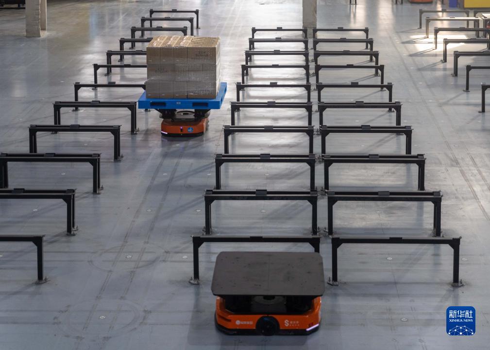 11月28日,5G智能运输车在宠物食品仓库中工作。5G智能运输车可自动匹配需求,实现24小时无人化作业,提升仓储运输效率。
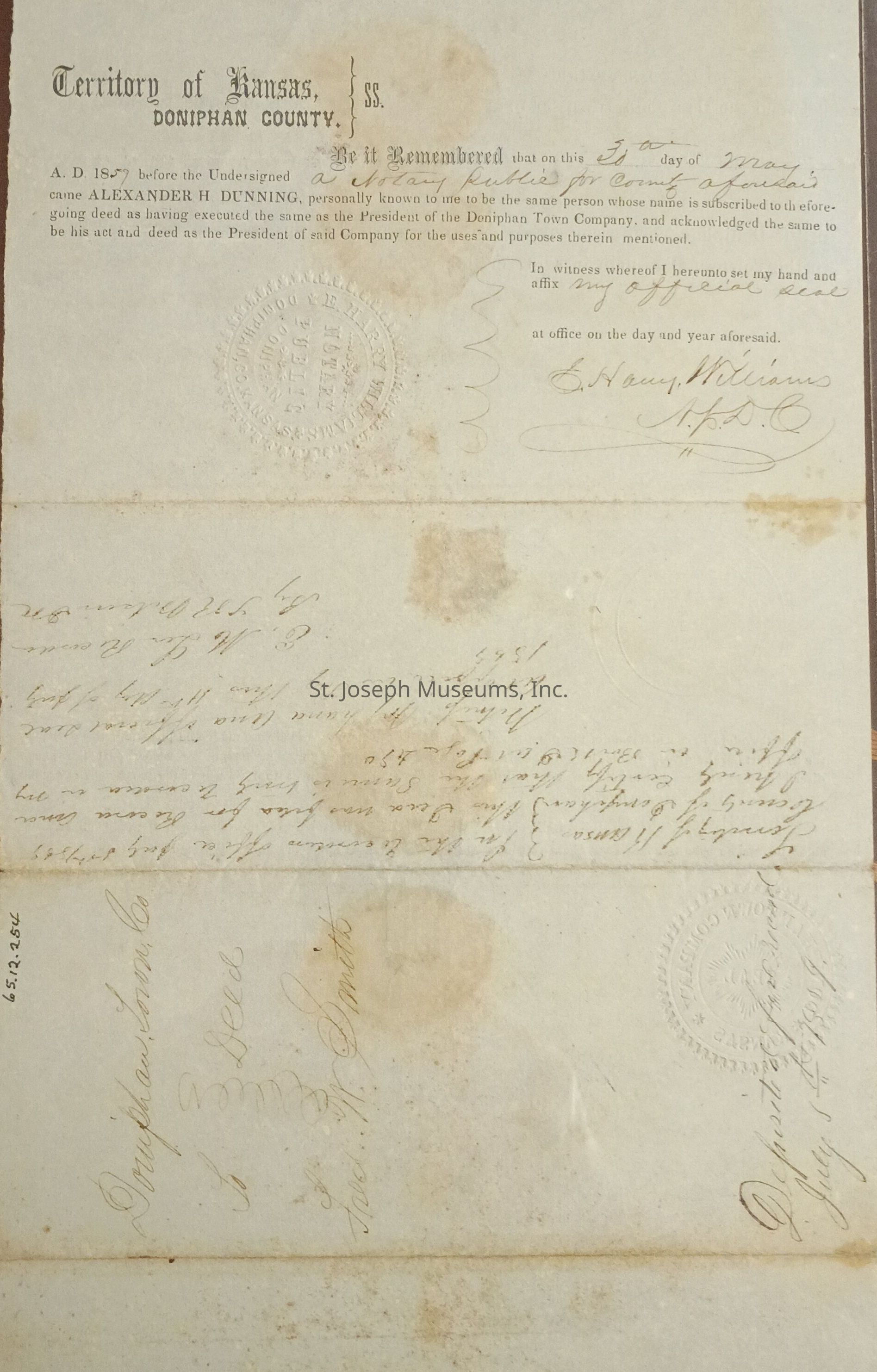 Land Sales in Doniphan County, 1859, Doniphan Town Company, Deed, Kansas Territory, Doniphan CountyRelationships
--
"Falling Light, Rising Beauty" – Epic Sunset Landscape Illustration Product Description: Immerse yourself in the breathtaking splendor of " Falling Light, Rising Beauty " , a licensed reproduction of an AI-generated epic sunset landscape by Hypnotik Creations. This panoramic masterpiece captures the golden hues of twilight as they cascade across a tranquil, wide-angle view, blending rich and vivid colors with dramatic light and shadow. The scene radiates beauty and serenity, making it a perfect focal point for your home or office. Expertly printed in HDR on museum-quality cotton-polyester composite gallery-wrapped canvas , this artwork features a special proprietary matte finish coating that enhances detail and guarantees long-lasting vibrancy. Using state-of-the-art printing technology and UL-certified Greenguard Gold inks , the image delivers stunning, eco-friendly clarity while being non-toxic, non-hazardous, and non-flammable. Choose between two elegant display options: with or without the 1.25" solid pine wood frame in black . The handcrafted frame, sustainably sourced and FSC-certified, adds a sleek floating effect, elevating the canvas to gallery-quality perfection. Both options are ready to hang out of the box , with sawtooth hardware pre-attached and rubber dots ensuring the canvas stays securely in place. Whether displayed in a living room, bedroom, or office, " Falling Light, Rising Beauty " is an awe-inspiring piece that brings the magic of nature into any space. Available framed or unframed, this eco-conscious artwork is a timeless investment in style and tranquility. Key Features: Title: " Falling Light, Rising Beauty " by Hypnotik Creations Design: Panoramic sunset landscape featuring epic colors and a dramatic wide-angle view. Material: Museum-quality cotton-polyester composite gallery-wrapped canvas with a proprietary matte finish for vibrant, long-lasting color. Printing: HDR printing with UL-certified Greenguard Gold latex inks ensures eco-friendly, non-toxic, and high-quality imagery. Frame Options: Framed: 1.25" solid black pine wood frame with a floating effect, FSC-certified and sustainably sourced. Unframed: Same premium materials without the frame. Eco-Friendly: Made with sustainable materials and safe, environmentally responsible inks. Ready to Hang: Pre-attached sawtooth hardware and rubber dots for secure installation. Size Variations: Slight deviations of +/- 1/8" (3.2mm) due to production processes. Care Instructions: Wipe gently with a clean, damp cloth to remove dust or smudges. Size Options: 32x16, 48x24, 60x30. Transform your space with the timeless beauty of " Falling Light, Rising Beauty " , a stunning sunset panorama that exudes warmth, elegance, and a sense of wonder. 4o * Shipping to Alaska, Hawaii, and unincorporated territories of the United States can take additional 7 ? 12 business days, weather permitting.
--
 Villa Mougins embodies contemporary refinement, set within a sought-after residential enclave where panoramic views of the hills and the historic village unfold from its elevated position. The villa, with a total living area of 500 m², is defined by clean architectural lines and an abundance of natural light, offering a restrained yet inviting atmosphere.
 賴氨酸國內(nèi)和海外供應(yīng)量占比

◆ **Task directions**
From the records above, copy only the lines running from the line holding "11月28日,5G智能运输车" through the line holding "Land Sales in", with no pictures.

◆ **Result of the exercise**
 11月28日,5G智能运输车在宠物食品仓库中工作。5G智能运输车可自动匹配需求,实现24小时无人化作业,提升仓储运输效率。
 Land Sales in Doniphan County, 1859, Doniphan Town Company, Deed, Kansas Territory, Doniphan CountyRelationships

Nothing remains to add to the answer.